:: REQUIRED WORK ::
For the data below, retype word for word the lines from the one containing "D型旋转接头是专门适用于热水" through the one containing "(커핑 구경하는줄 알고"; drop the pictures.

:: MATERIAL SHOWN ::
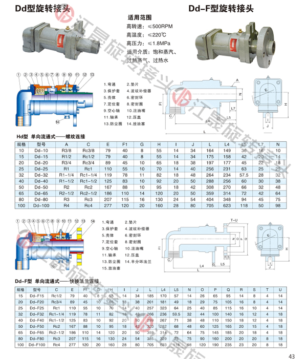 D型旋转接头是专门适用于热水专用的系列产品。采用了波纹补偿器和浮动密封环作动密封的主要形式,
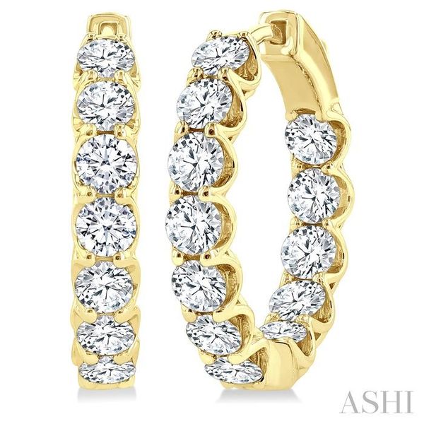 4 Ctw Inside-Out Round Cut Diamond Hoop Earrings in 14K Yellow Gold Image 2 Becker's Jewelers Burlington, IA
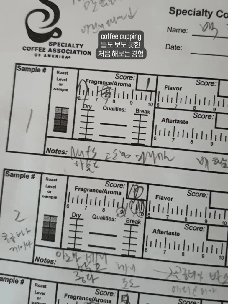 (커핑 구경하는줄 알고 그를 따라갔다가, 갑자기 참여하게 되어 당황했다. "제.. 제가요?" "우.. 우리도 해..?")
---
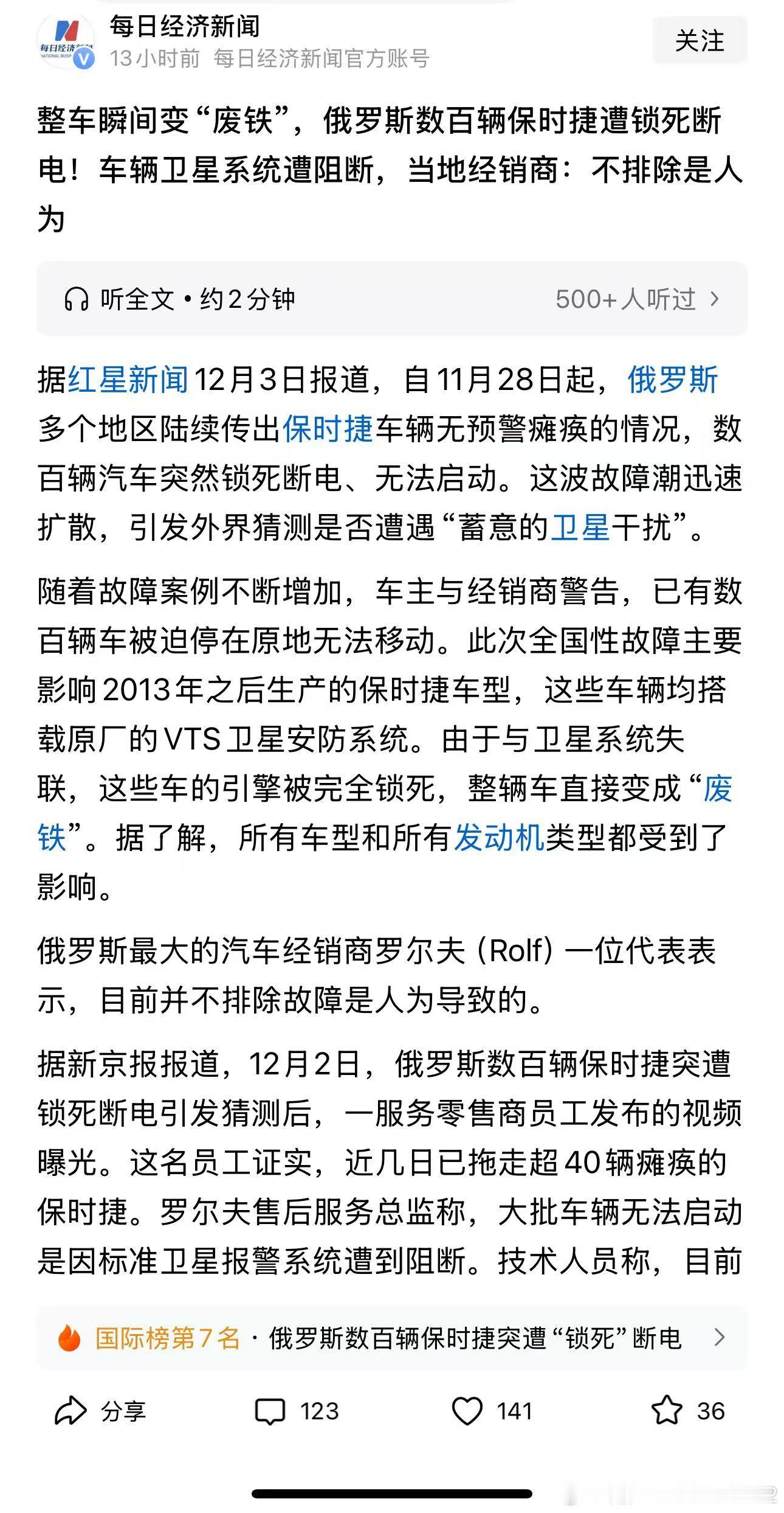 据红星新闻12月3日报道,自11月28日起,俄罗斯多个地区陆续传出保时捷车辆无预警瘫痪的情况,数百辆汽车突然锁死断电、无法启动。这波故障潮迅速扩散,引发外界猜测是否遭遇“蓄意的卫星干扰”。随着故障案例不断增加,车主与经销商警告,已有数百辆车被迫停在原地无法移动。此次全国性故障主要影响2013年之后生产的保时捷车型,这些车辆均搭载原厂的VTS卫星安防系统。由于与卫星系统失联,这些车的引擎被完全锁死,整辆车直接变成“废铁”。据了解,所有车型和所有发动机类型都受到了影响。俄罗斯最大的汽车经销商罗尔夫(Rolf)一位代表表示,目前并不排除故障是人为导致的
==
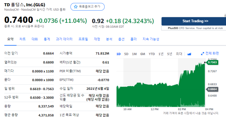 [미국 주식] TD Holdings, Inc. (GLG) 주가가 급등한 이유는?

:: SOLUTION FOR THIS EXERCISE ::
 D型旋转接头是专门适用于热水专用的系列产品。采用了波纹补偿器和浮动密封环作动密封的主要形式,
 4 Ctw Inside-Out Round Cut Diamond Hoop Earrings in 14K Yellow Gold Image 2 Becker's Jewelers Burlington, IA
 (커핑 구경하는줄 알고 그를 따라갔다가, 갑자기 참여하게 되어 당황했다. "제.. 제가요?" "우.. 우리도 해..?")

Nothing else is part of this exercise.